**Data section**
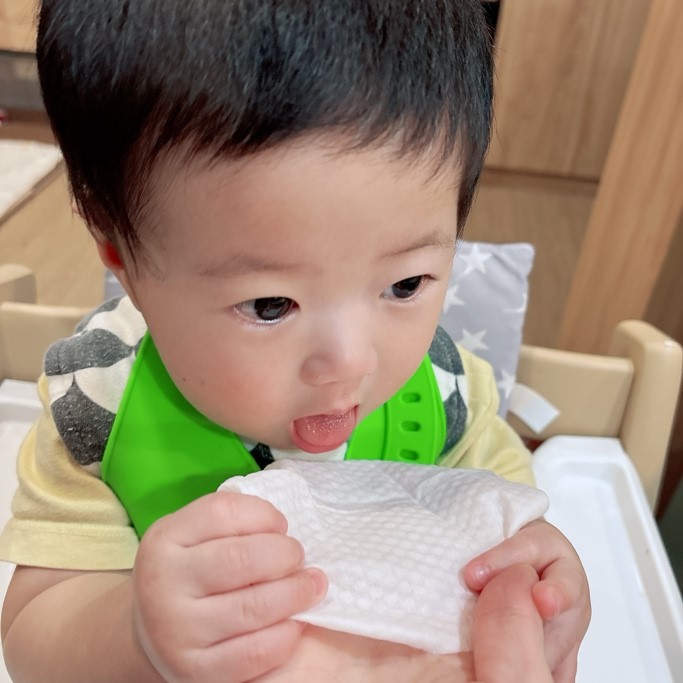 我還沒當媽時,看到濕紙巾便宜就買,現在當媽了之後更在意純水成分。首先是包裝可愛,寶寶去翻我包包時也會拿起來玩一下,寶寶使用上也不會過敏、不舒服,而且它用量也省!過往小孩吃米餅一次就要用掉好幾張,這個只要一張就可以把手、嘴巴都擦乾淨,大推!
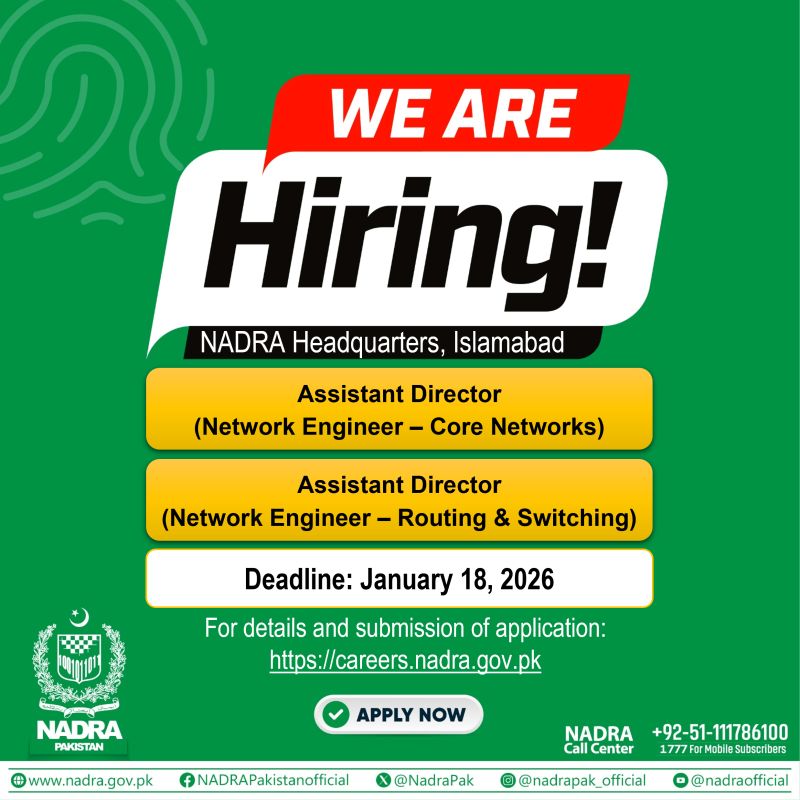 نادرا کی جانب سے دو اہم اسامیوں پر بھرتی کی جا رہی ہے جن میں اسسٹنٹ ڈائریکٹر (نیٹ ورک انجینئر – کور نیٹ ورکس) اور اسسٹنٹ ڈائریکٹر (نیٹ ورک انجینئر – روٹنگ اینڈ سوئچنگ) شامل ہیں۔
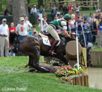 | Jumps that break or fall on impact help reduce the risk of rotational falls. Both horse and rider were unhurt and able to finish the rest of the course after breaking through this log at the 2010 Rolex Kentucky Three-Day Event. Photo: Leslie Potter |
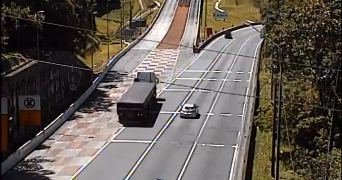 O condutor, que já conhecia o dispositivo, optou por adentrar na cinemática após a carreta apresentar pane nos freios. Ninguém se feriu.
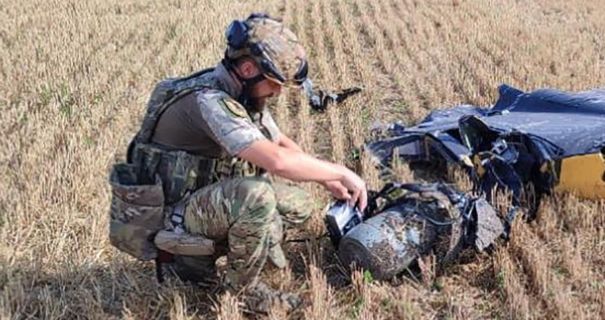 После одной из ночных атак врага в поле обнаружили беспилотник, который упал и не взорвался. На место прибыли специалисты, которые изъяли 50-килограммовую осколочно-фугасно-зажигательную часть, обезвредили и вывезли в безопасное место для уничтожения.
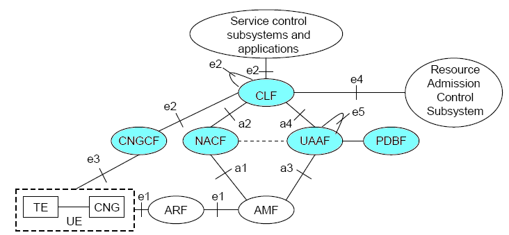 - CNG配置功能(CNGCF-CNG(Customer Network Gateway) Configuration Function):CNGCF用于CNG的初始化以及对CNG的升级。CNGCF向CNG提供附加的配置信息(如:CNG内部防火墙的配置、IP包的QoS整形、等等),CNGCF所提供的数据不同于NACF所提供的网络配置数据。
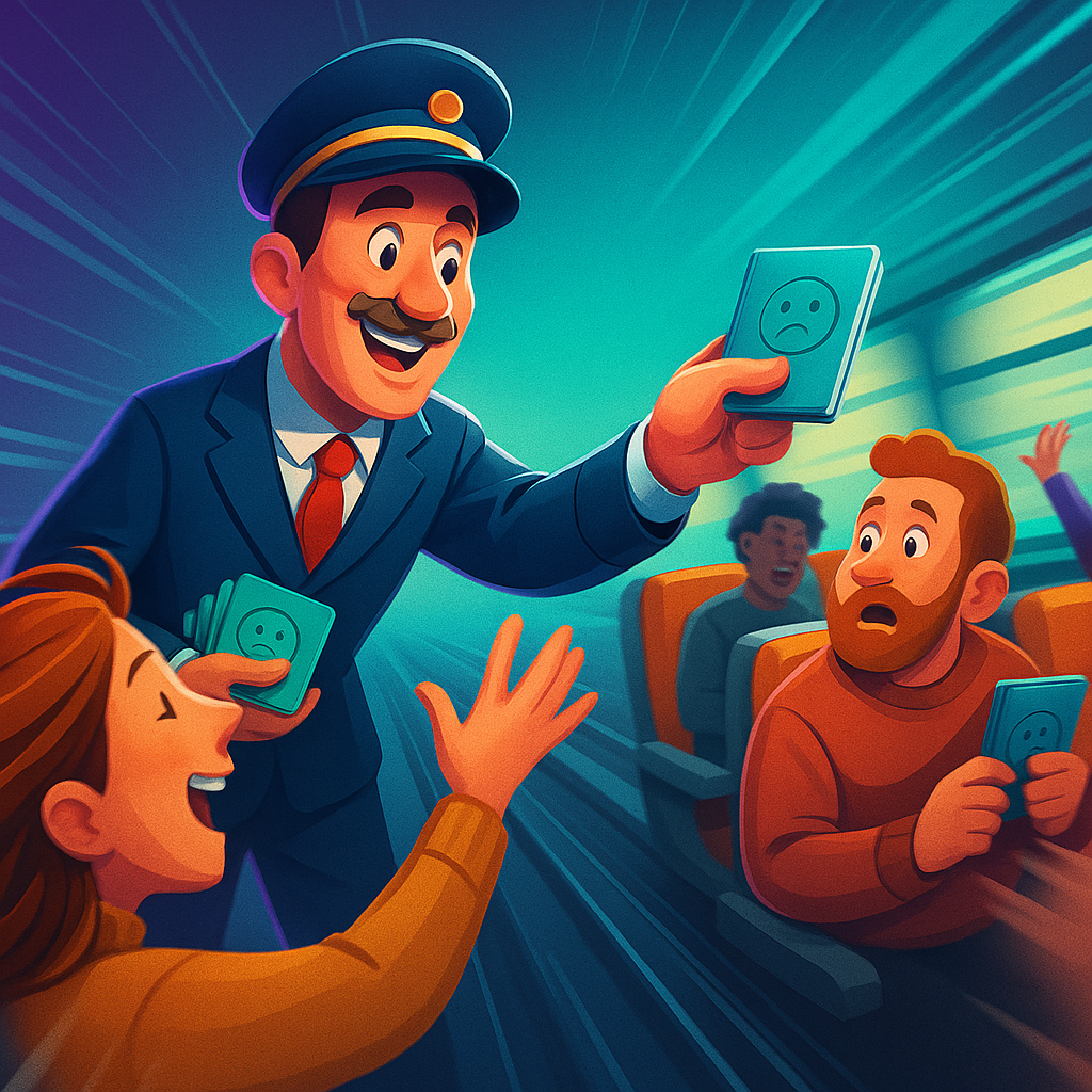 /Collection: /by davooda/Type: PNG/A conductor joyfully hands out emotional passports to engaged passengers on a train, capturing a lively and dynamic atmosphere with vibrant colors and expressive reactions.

...

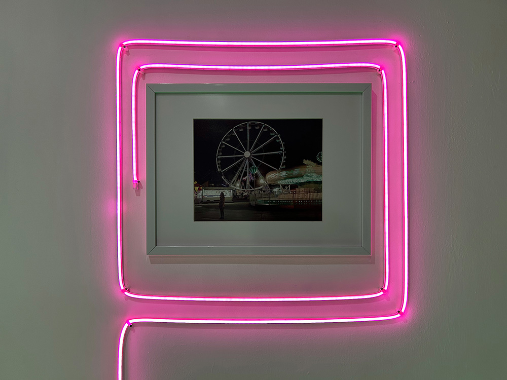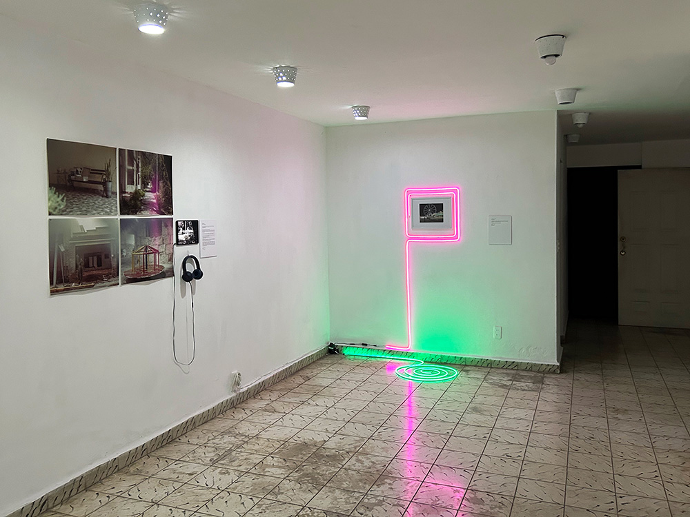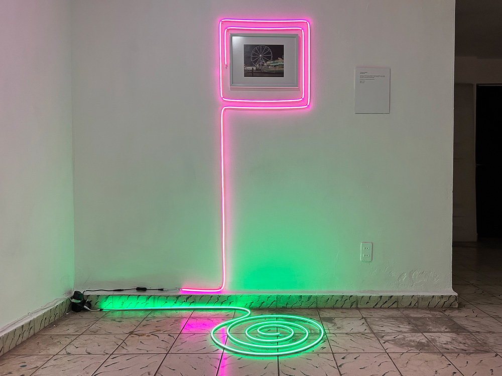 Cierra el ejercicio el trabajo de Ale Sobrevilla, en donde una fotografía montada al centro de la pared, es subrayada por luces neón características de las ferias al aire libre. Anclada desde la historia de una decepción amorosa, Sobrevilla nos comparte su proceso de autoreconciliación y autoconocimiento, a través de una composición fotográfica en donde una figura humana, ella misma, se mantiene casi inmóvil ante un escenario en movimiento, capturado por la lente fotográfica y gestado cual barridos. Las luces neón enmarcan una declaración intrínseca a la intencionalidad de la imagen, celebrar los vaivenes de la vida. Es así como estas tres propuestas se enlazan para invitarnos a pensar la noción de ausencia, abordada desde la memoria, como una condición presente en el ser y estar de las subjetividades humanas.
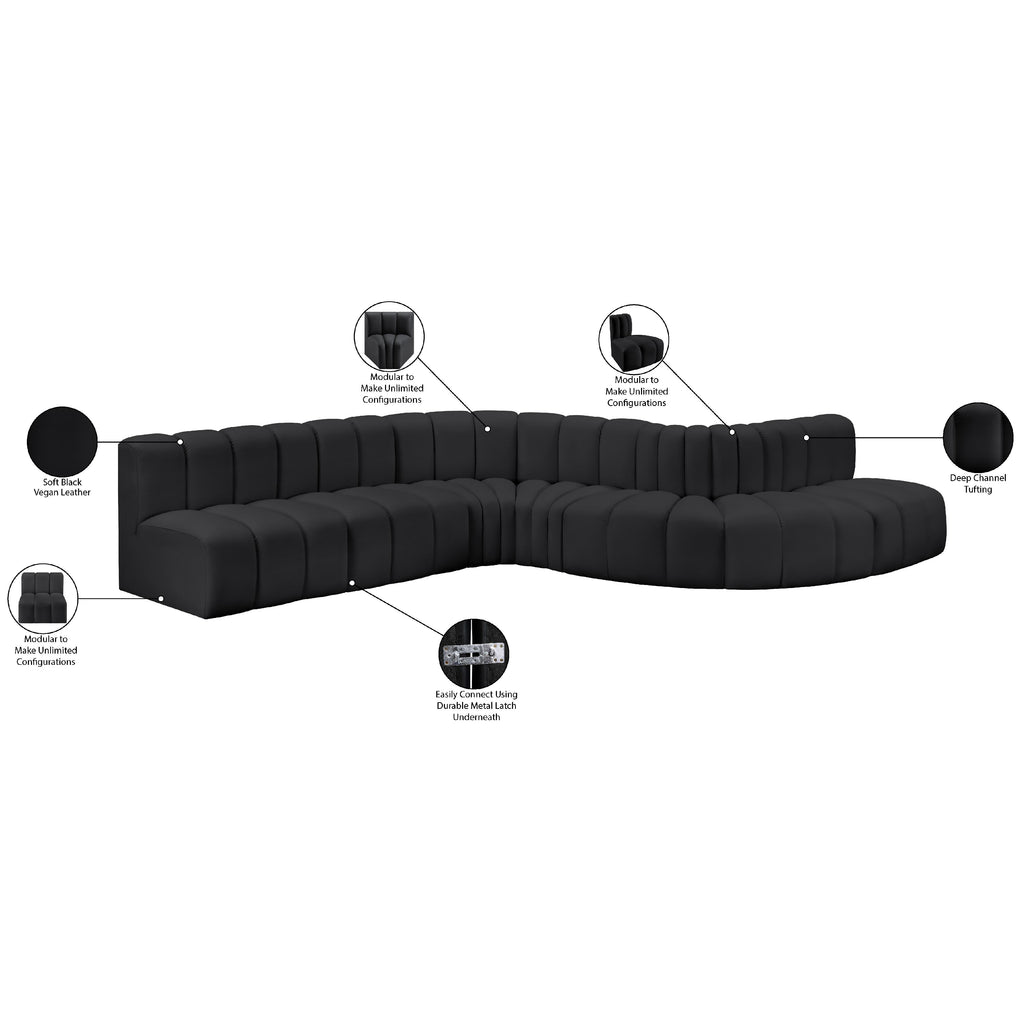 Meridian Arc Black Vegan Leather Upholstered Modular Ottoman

**Your instructions**
Beginning with the line holding "- CNG配置功能(CNGCF-CNG(Customer Network" in the material above, restate word for word each line through the line holding "and expressive reactions.", and exclude pictures.

**Written solution**
 - CNG配置功能(CNGCF-CNG(Customer Network Gateway) Configuration Function):CNGCF用于CNG的初始化以及对CNG的升级。CNGCF向CNG提供附加的配置信息(如:CNG内部防火墙的配置、IP包的QoS整形、等等),CNGCF所提供的数据不同于NACF所提供的网络配置数据。
 /Collection: /by davooda/Type: PNG/A conductor joyfully hands out emotional passports to engaged passengers on a train, capturing a lively and dynamic atmosphere with vibrant colors and expressive reactions.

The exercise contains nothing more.